The following table lists the data for different configurations. Note that the disk space requirement is for the `chain_db` and `freezer_db`, excluding the `blobs_db`.

| Hierarchy Exponents          | Storage Requirement | Sequential Slot Query | Uncached Query | Time to Sync |
|------------------------------|---------------------|-----------------------|----------------|--------------|
| 5,9,11,13,16,18,21 (default) | 418 GiB             | 250-700 ms            | up to 10 s     | 1 week       |
| 5,7,11 (frequent snapshots)  | 589 GiB             | 250-700 ms            | up to 6 s      | 1 week       |
| 0,5,7,11 (per-slot diffs)    | 2500 GiB            | 250-700 ms            | up to 4 s      | 7 weeks      |

[Jim](https://github.com/mcdee) has done some experiments to study the response time of querying random slots (uncached query) for `--hierarchy-exponents 0,5,7,11` (per-slot diffs) and `--hierarchy-exponents 5,9,11,13,17,21` (per-epoch diffs), as show in the figures below. From the figures, two points can be concluded:

- response time (y-axis) increases with slot number (x-axis) due to state growth.
- response time for per-slot configuration in general is 2x faster than that of per-epoch.

In short, setting different configurations is a trade-off between disk space requirement, sync time and response time. The data presented here is useful to help users choosing the configuration that suit their needs.

_We acknowledge the data provided by [Jim](https://github.com/mcdee) and his consent for us to share it here._

![Response time for per-epoch archive](./imgs/per-epoch.png)
![Response time for per-slot archive](./imgs/per-slot.png)

If in doubt, we recommend running with the default configuration! It takes a long time to
reconstruct states in any given configuration, so it might be some time before the optimal
configuration is determined.

### CLI Configuration

To configure your Lighthouse node's database, run your beacon node with the `--hierarchy-exponents` flag:

```bash
lighthouse beacon_node --hierarchy-exponents "5,7,11"
```

### Historic state cache

Lighthouse includes a cache to avoid repeatedly replaying blocks when loading historic states. Lighthouse will cache a limited number of reconstructed states and will re-use them when serving requests for subsequent states at higher slots. This greatly reduces the cost of requesting several states in order, and we recommend that applications like block explorers take advantage of this cache.

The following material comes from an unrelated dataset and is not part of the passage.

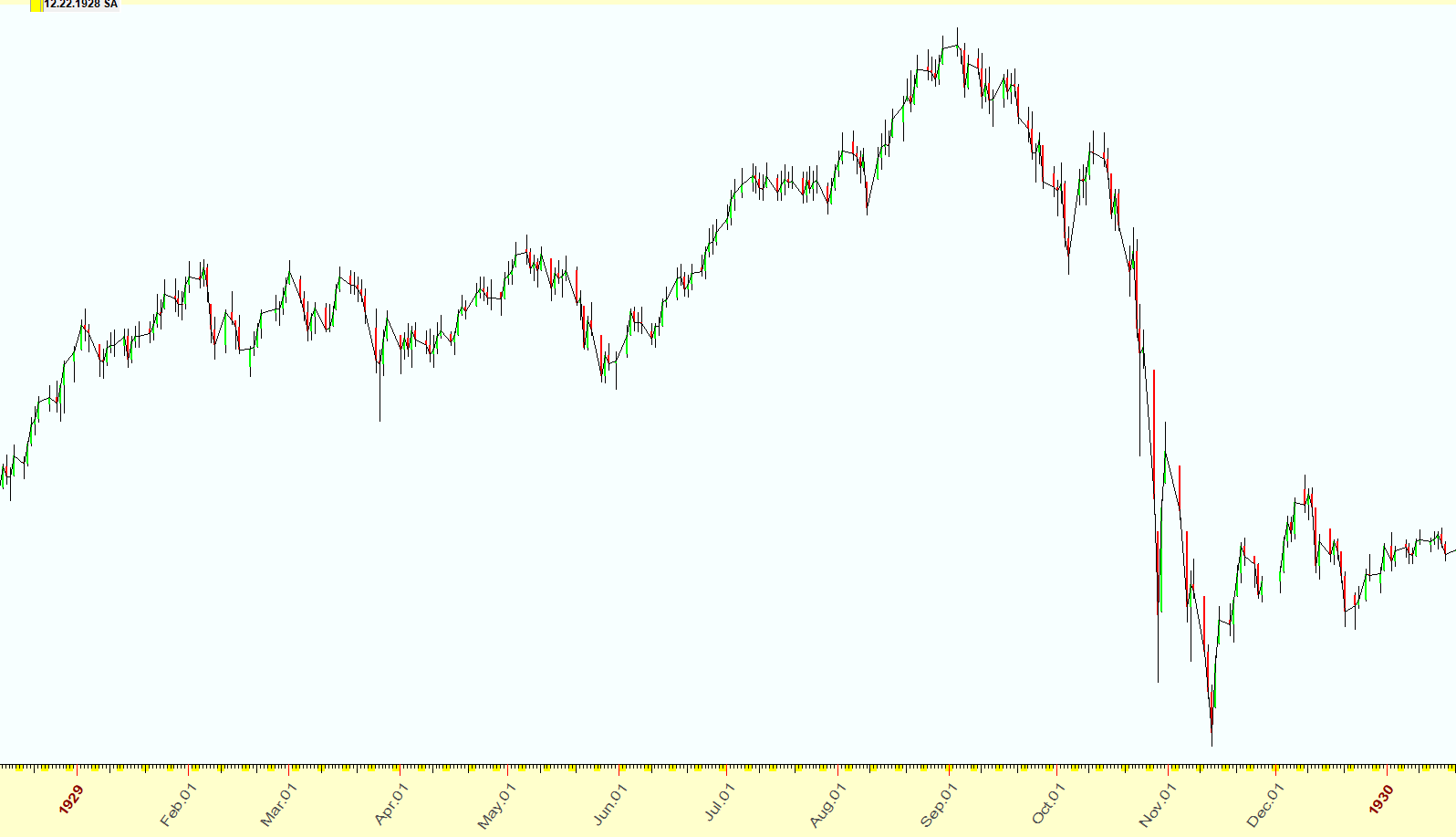 从 1921 年 8 月的低点到 1928 年 11 月的高点,20 种工业股累计上涨约 230 点,创下历史最大涨幅。1928 年该指数单年上涨近 100 点,这一涨幅同样史无前例。本年度与 1906 年、1916 年及 1919 年类似,均出现剧烈波动与巨额成交量,但次年都随之出现恐慌性下跌。

The historical state cache size can be specified with the flag `--historic-state-cache-size` (default value is 1):

```bash
lighthouse beacon_node --historic-state-cache-size 4
```

> Note: Use a large cache limit can lead to high memory usage.

## Glossary

- _Freezer DB_: part of the database storing finalized states. States are stored in a sparser
  format, and usually less frequently than in the hot DB.
- _Cold DB_: see _Freezer DB_.
- _HDiff_: hierarchical state diff.
- _Hierarchy Exponents_: configuration for hierarchical state diffs, which determines the density
  of stored diffs and snapshots in the freezer DB.
- _Hot DB_: part of the database storing recent states, all blocks, and other runtime data. Full
  states are stored every epoch.
- _Snapshot_: a full `BeaconState` stored periodically in the freezer DB. Approximately yearly by
  default (every ~291 days).
- _Split Slot_: the slot at which states are divided between the hot and the cold DBs. All states
  from slots less than the split slot are in the freezer, while all states with slots greater than
  or equal to the split slot are in the hot DB.